YOUR INSTRUCTIONS: Would you please reproduce all the entries word for word, minus the pictures?

TASK INPUTS:
^^^^
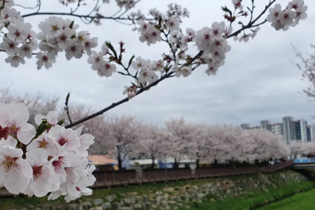 - 낮: 푸른 하천과 계절마다 옷을 갈아입는 꽃길을 보며 즐기는 여유로운 오찬.
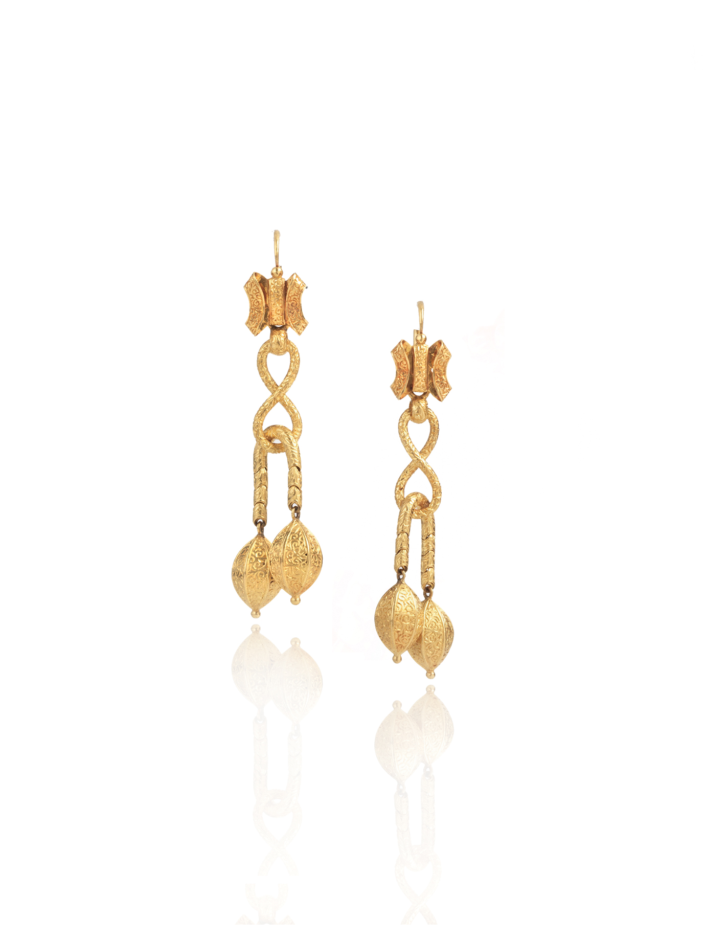 PAIO DI ORECCHINI PENDENTI IN ORO GIALLO, FINE SEC. XX motivi a fiocco, elementi ad otto e parte finale snodata a canna vuota, pendenti ovali in oro giallo interamente cesellato, lungh. cm 6,5 PAIR OF PENDANT EARRINGS IN ENGRAVED YELLOW GOLD, LATE 19TH CENTURY
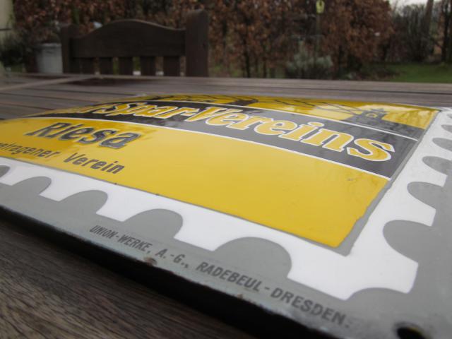 Diese beiden schönen Emailleschilder passen leider thematisch nicht in meine Sammlung und sind daher abzugeben – ich stelle sie demnächst in die „E-Bucht“ – falls jemand vorher Interesse hat, bitte im Laufe dieser Woche melden. Beide sind ca. 40 cm x 30 cm, gewölbt und schön dick emailliert. Das Polizeischild ist an den Ecken und am oberen Rand ein klein wenig übermalt (mit Abbeizer entfernbar): 180,- €. Beim Sparverein ist nix verschönert: 280,- €.
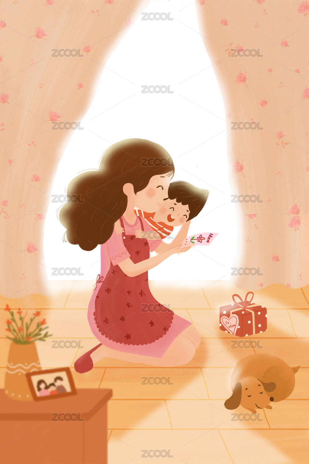 生日,在室内,问候,小孩,爱,插图,玩具,庆典,女人,妈妈
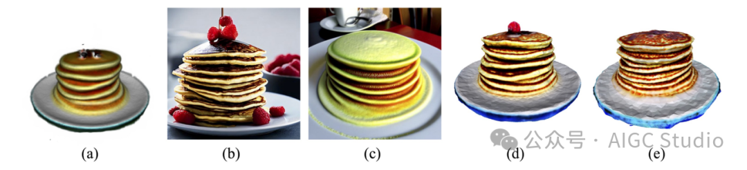 DCM细化示意图。(a) 与伪影解除纠缠的NeRF; (b)原始稳定扩散采样图像(SD), (c) DCM采样图像(SD), (d)由于对原始SD进行微调而产生的不良结果,以及(e) DCM SD固定的伪影。
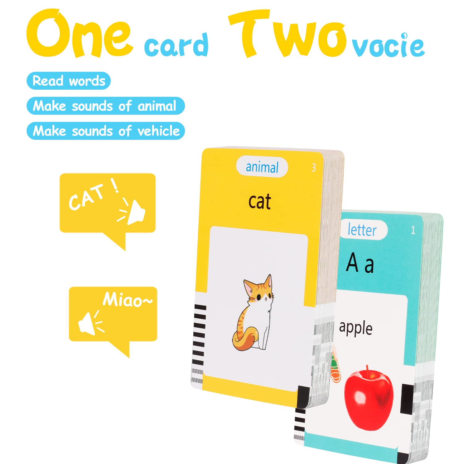 This talking flash cards for 2-6year olds has 112/255 cards, 224/510 knowledge points, Children can listen to the names and sounds of animals/transportation and read aloud with them. This is a great way for them to explore different possibilities, enhance their cognitive skills and exercise their hearing.
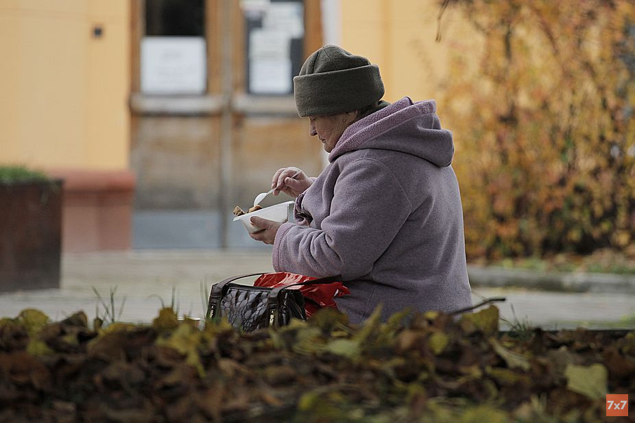 Недалеко от палатки, в сквере, стоит бывшая военнослужащая, а теперь инвалид II группы Любовь. Она уже взяла свою порцию и ждет окончания раздачи, чтобы взять еще одну, если останется. Эту порцию она хочет отнести своей лежачей матери. Ей 93, она тоже инвалид, а еще ветеран труда и труженик тыла. Любовь говорит, что ее мать радуется, как ребенок, этой еде и это единственное, чем она может ее порадовать.
^^^^
TASK SOLUTION:
 - 낮: 푸른 하천과 계절마다 옷을 갈아입는 꽃길을 보며 즐기는 여유로운 오찬.
 PAIO DI ORECCHINI PENDENTI IN ORO GIALLO, FINE SEC. XX motivi a fiocco, elementi ad otto e parte finale snodata a canna vuota, pendenti ovali in oro giallo interamente cesellato, lungh. cm 6,5 PAIR OF PENDANT EARRINGS IN ENGRAVED YELLOW GOLD, LATE 19TH CENTURY
 Diese beiden schönen Emailleschilder passen leider thematisch nicht in meine Sammlung und sind daher abzugeben – ich stelle sie demnächst in die „E-Bucht“ – falls jemand vorher Interesse hat, bitte im Laufe dieser Woche melden. Beide sind ca. 40 cm x 30 cm, gewölbt und schön dick emailliert. Das Polizeischild ist an den Ecken und am oberen Rand ein klein wenig übermalt (mit Abbeizer entfernbar): 180,- €. Beim Sparverein ist nix verschönert: 280,- €.
 生日,在室内,问候,小孩,爱,插图,玩具,庆典,女人,妈妈
 DCM细化示意图。(a) 与伪影解除纠缠的NeRF; (b)原始稳定扩散采样图像(SD), (c) DCM采样图像(SD), (d)由于对原始SD进行微调而产生的不良结果,以及(e) DCM SD固定的伪影。
 This talking flash cards for 2-6year olds has 112/255 cards, 224/510 knowledge points, Children can listen to the names and sounds of animals/transportation and read aloud with them. This is a great way for them to explore different possibilities, enhance their cognitive skills and exercise their hearing.
 Недалеко от палатки, в сквере, стоит бывшая военнослужащая, а теперь инвалид II группы Любовь. Она уже взяла свою порцию и ждет окончания раздачи, чтобы взять еще одну, если останется. Эту порцию она хочет отнести своей лежачей матери. Ей 93, она тоже инвалид, а еще ветеран труда и труженик тыла. Любовь говорит, что ее мать радуется, как ребенок, этой еде и это единственное, чем она может ее порадовать.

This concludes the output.